What can be concluded is that CORINFO_METHOD_HANDLE
only is a pointer to a MethodDesc
class. The MethodDesc
class is one of the most important parts of the framework as it provides an incredible amount of information. The declaration of this class is inside the clr\src\vm\method.hpp file.
class MethodDesc
{
friend class EEClass;
friend class MethodTableBuilder;
friend class ArrayClass;
friend class NDirect;
friend class InstantiatedMethodDesc;
friend class MDEnums;
friend class MethodImpl;
friend class CheckAsmOffsets;
friend class ClrDataAccess;
friend class ZapMonitor;
friend class MethodDescCallSite;
public:
[...]
inline BOOL HasStableEntryPoint()
{
LEAF_CONTRACT;
return (m_bFlags2 & enum_flag2_HasStableEntryPoint) != 0;
}
inline TADDR GetStableEntryPoint()
{
WRAPPER_CONTRACT;
_ASSERTE(HasStableEntryPoint());
return *GetAddrOfSlotUnchecked();
}
BOOL SetStableEntryPointInterlocked(TADDR addr);
BOOL HasTemporaryEntryPoint();
TADDR GetTemporaryEntryPoint();
void SetTemporaryEntryPoint(BaseDomain *pDomain, AllocMemTracker *pamTracker);
inline BOOL HasPrecode()
{
LEAF_CONTRACT;
return (m_bFlags2 & enum_flag2_HasPrecode) != 0;
}
inline void SetHasPrecode()
{
LEAF_CONTRACT;
m_bFlags2 |= (enum_flag2_HasPrecode | enum_flag2_HasStableEntryPoint);
}
inline void ResetHasPrecode()
{
LEAF_CONTRACT;
m_bFlags2 &= ~enum_flag2_HasPrecode;
m_bFlags2 |= enum_flag2_HasStableEntryPoint;
}
inline Precode* GetPrecode()
{
LEAF_CONTRACT;
PRECONDITION(HasPrecode());
Precode* pPrecode = Precode::GetPrecodeFromEntryPoint(GetStableEntryPoint());
PREFIX_ASSUME(pPrecode != NULL);
return pPrecode;
}
inline BOOL MayHavePrecode()
{
WRAPPER_CONTRACT;
return !MayHaveNativeCode() || PrestubMayInsertStub() || RequiresPrestub();
}
void InterlockedUpdateFlags2(BYTE bMask, BOOL fSet);
Precode* GetOrCreatePrecode();
inline BYTE* GetCallablePreStubAddr()
{
WRAPPER_CONTRACT;
return HasStableEntryPoint() ? (BYTE*)GetStableEntryPoint() :
(BYTE*)GetTemporaryEntryPoint();
}
static inline MethodDesc* GetMethodDescFromStubAddr
(TADDR addr, BOOL fSpeculative = FALSE);
DWORD GetAttrs();
DWORD GetImplAttrs();
LPCUTF8 GetName();
LPCUTF8 GetName(USHORT slot);
FORCEINLINE LPCUTF8 GetNameOnNonArrayClass()
{
WRAPPER_CONTRACT;
return (GetMDImport()->GetNameOfMethodDef(GetMemberDef()));
}
COUNT_T GetStableHash();
DWORD GetNumGenericMethodArgs();
DWORD GetNumGenericClassArgs()
{
WRAPPER_CONTRACT;
return GetMethodTable()->GetNumGenericArgs();
}
BOOL IsGenericMethodDefinition();
BOOL ContainsGenericVariables();
Module* GetDefiningModuleForOpenMethod();
BOOL HasNonObjectClassOrMethodInstantiation();
BOOL IsTypicalMethodDefinition();
The size of this class is impressive because of the methods it contains.
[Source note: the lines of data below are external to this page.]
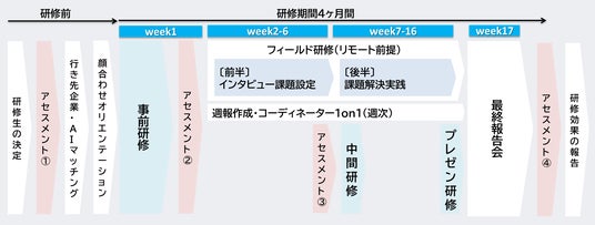 地域越境ビジネス実践プログラムは4ヶ月間の研修プログラムとなります。受講生は10時間程度の座学(実践型スキル習得研修)を受講後、リモート環境下でダブルワーク型フィールド研修(月間30時間×4か月)を通じて、企業課題や地域課題の解決に取り組みます。その際に、次世代リーダーに必須のスキルである生成AIなどのデジタルスキルを駆使して、地域企業におけるビジネスへ実装を行います。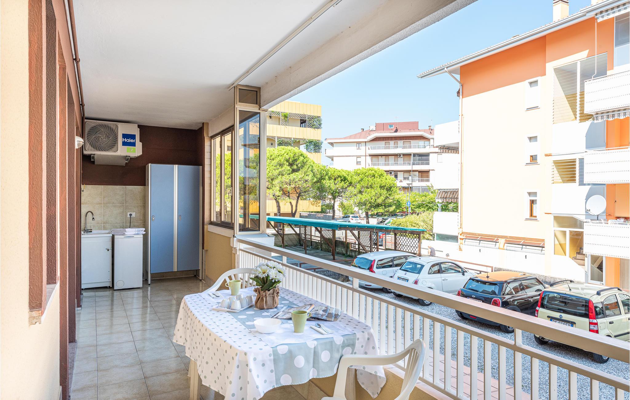 Denne skønne ferielejlighed ligger kun 100 meter fra Grados sandstrand. Den ligger på første sal i en ejendom og rummer en stue med sovesofa, et separat køkken, et soveværelse og et badeværelse. Desuden er der en overdækket altan hvor I kan spise dagens måltider. Der er alle former for bekvemmeligheder i nærheden: I en omkreds af 50 meter er der supermarkeder, barer, restauranter, iscafeer, en legeplads og andre aktivitetsmuligheder. Ved Grado er der en skøn sandstrand, der både er egnet til børn der kan lege i det lave vand, men også for voksne, der kan leje parasoller og liggestole og slappe af i solen. Der er også muligt at leje kanoer og vandcykler og tage på eventyr på vadnet. Der er 10 km til Aquileia med arkæologiske udgravninger og 20 km til Collio-regionen, der er kendt i hele Europa for sine vine. Der er 54 km til den charmerende by Triest og den helt unikke, romantiske by Venedig er der 130 km til.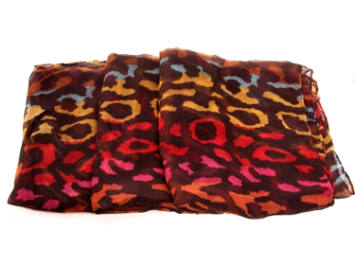 Semi-sheer brown polyester scarf with multi colored abstract print. Big size of the scarf makes it possible to be used as a shawl, wrap or scarf around the neck. Imported. Hand wash.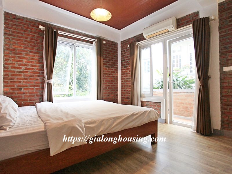 This nice and bright serviced apartment is located in the quiet alley of Tay Ho road. The total area is 50 sq m, 01 bedroom and 01 bathroom. The apartment has a small balcony where you can enjoy the sunlight and fresh air with green view. The rent includes cable TV, wireless internet and tap water.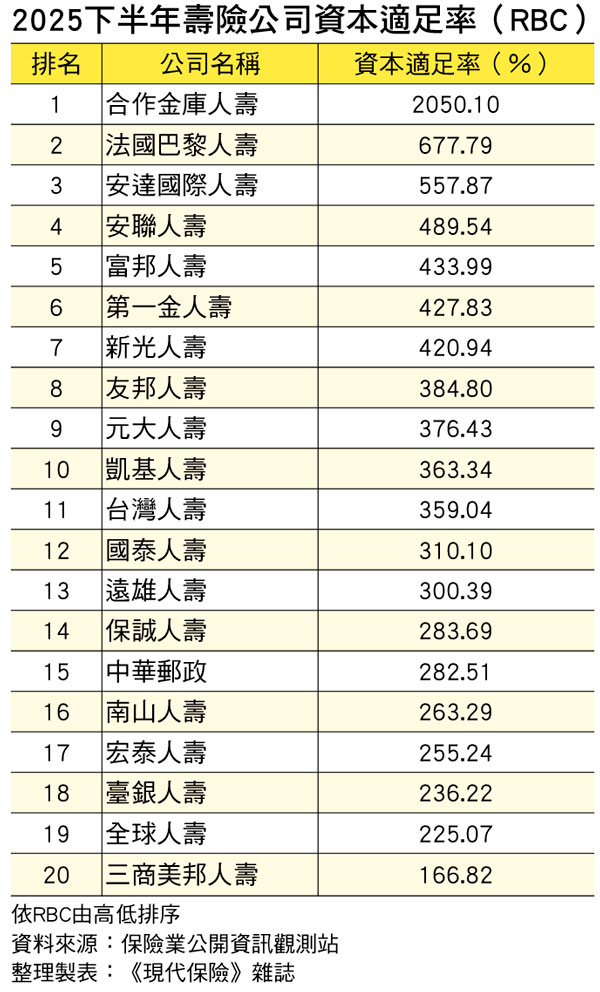 其中,合作金庫人壽RBC由2024年的1,285%大幅攀升至2025年的2,050%,為全體最高;法國巴黎人壽與安達國際人壽亦分別達677%與557%的高檔水準。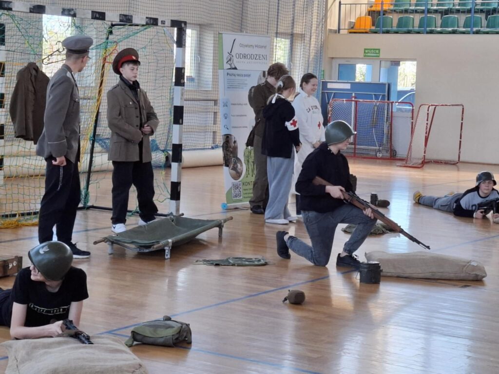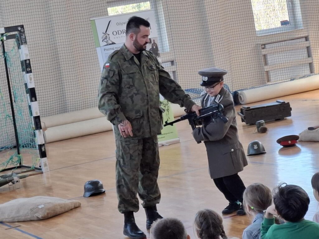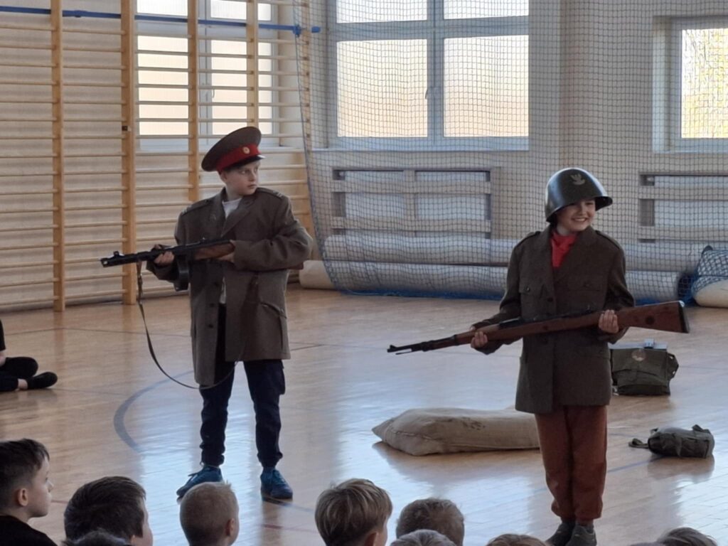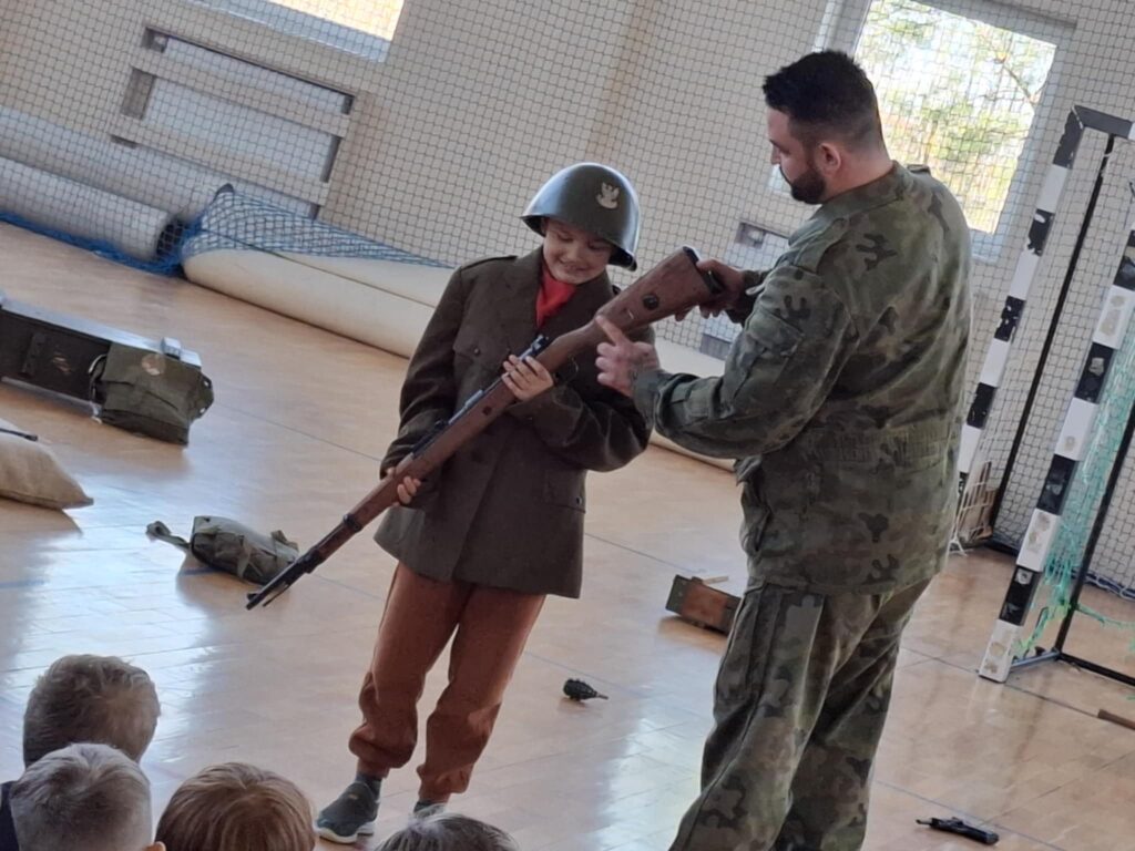 Podczas pokazu  uczniowie mogli: przymierzyć repliki mundurów wojskowych, potrzymać repliki broni używanej w tamtych czasach, wcielić się w rolę żołnierzy i uczestniczyć w scenkach historycznych.

I could only paste a very small part, just to give the reader an idea. The comments above the class declaration remind of the data pointed by a CORINFO_METHOD_HANDLE
, which was also 8-byte aligned.
This is what can be found at the end of the MethodDesc
class declaration:
protected:
UINT16 m_wTokenRemainder;
BYTE m_chunkIndex;
enum {
enum_flag2_HasStableEntryPoint = 0x01,
enum_flag2_HasPrecode = 0x02,
enum_flag2_IsUnboxingStub = 0x04,
enum_flag2_MayHaveNativeCode = 0x08,
};
BYTE m_bFlags2;
WORD m_wSlotNumber;
WORD m_wFlags;
And this data exactly matches my previous intuition. We can now use every CORINFO_METHOD_HANDLE
as a MethodDesc
class. Of course, including the whole MethodDesc
class would be rather painful given its complexity. But one could write one's own simplified version of the MethodDesc
class: all that is necessary to do is to include the members I pasted above which will result in the 8-byte multiple size of the class.
The MethodDesc
class is useful for many purposes and its use is rather safe, since it is not supposed to change any time soon. And even if: its members (excluding the methods) are rather few, so I guess it won't be difficult to have a working simplified MethodDesc
class.
I would have provided an example of how to use the MethodDesc
class myself, but as I'm writing the article is already rather big and, although it's too late to keep it short, I'm still hoping to keep it readable. In fact, the journey into the .NET Framework internals is not yet concluded and some things have still to be discussed.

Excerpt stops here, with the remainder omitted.